## Directions
Excluding images, repeat the data exactly as given.

## Input data
——
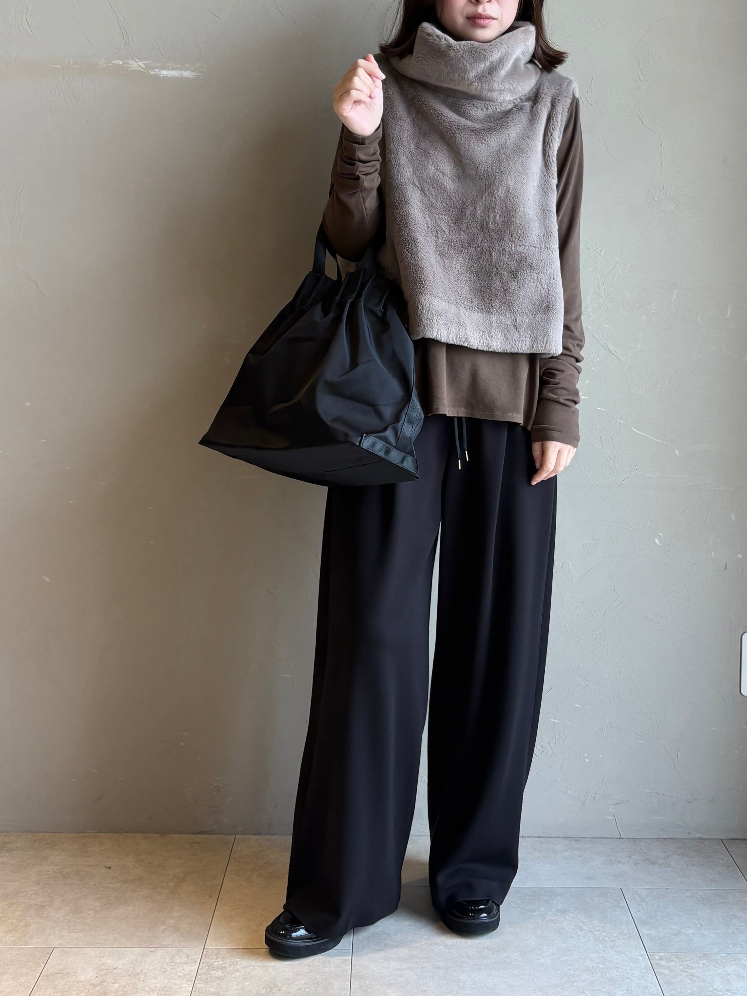 体温を利用して生地が温かみを感じることができる特別な繊維DUALWARMを使用したワイドパンツ。
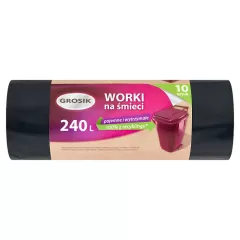 Dane produktowe Grosik Worki na śmieci 160 l 10 sztuk Składniki: Dodatki Marka Grosik Dodatkowe informacje Przechowywanie Przechowywać w temperaturze otoczenia Jednostka sprzedażowa Waga brutto - 740 Wysokość- 87 Szerokość- 238 Głębokość- 70...
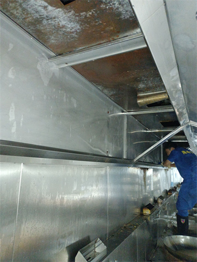 清洗过的烟道确保烟道内没有油污。排气扇扇面洁净,表面干净光洁。
——
## Solution below
 体温を利用して生地が温かみを感じることができる特別な繊維DUALWARMを使用したワイドパンツ。
 Dane produktowe Grosik Worki na śmieci 160 l 10 sztuk Składniki: Dodatki Marka Grosik Dodatkowe informacje Przechowywanie Przechowywać w temperaturze otoczenia Jednostka sprzedażowa Waga brutto - 740 Wysokość- 87 Szerokość- 238 Głębokość- 70...
 清洗过的烟道确保烟道内没有油污。排气扇扇面洁净,表面干净光洁。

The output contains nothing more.